(What you have to do)
Beginning at the line that holds "참기름을 투하하고 잘 저은 다음 손질해놓은 두부를 넣고 참깨로 마무리해준다." and continuing to the last line of the data below, transcribe every line word for word, without pictures.

(Supplied material)

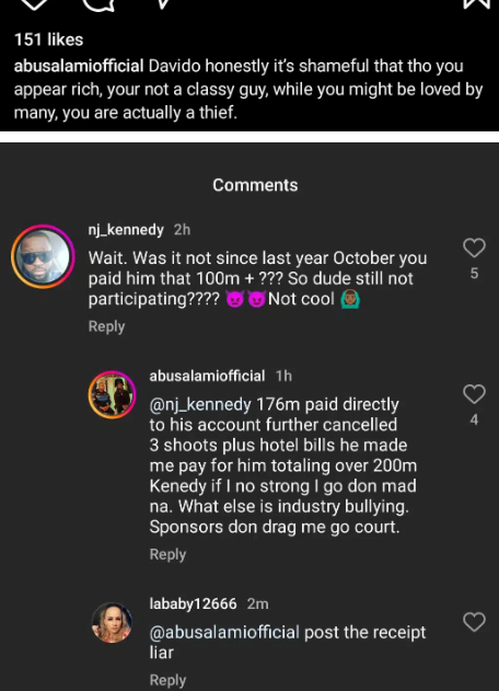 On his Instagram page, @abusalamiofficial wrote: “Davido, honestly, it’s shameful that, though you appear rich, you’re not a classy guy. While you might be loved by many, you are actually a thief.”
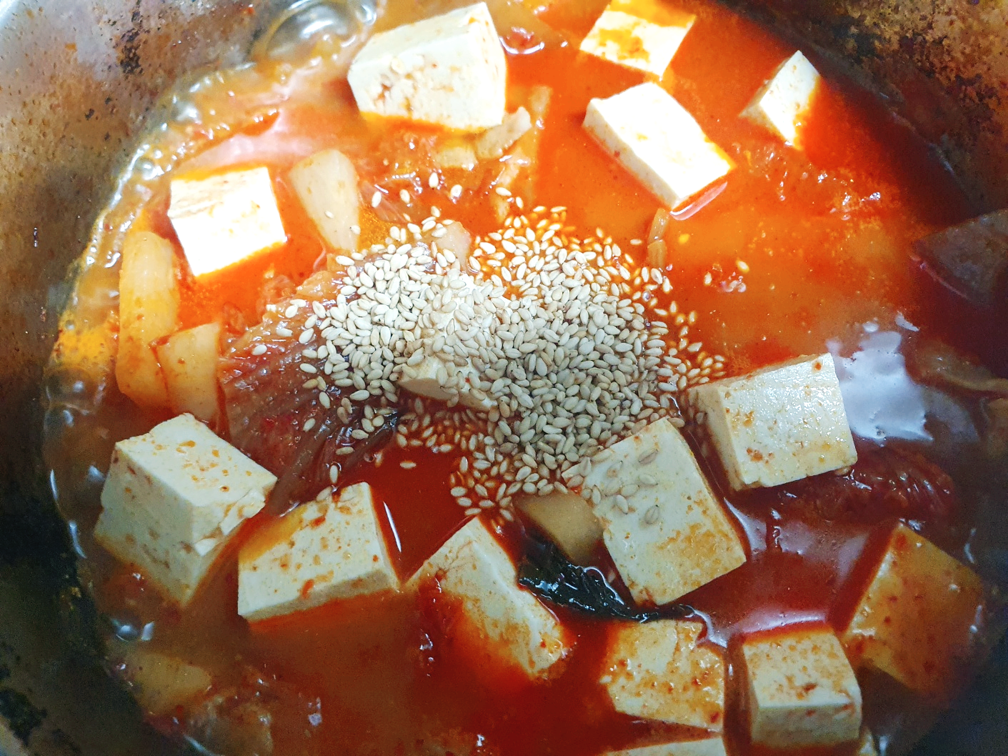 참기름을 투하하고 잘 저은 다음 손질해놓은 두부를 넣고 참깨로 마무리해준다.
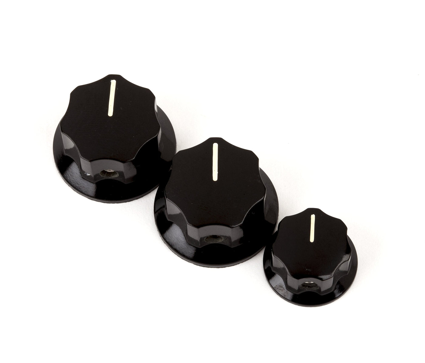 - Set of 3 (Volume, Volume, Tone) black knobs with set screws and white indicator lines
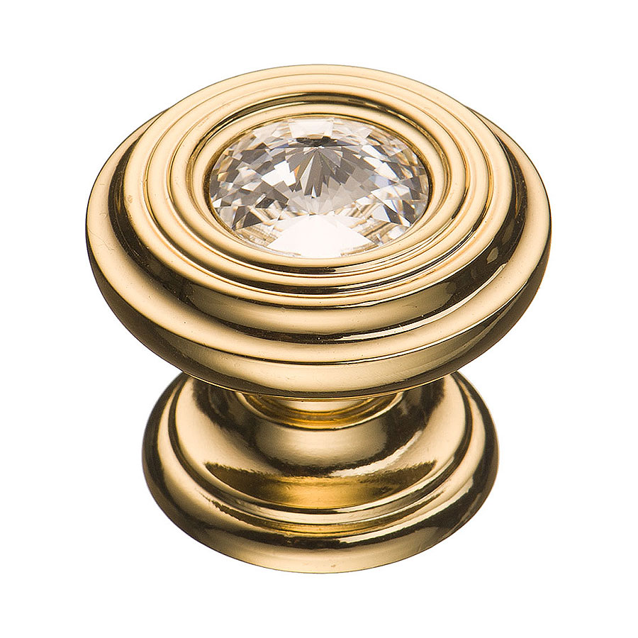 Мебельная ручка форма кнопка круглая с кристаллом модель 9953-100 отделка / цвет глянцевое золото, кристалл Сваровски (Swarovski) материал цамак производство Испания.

(Reply to the exercise)
 참기름을 투하하고 잘 저은 다음 손질해놓은 두부를 넣고 참깨로 마무리해준다.
 - Set of 3 (Volume, Volume, Tone) black knobs with set screws and white indicator lines
 Мебельная ручка форма кнопка круглая с кристаллом модель 9953-100 отделка / цвет глянцевое золото, кристалл Сваровски (Swarovski) материал цамак производство Испания.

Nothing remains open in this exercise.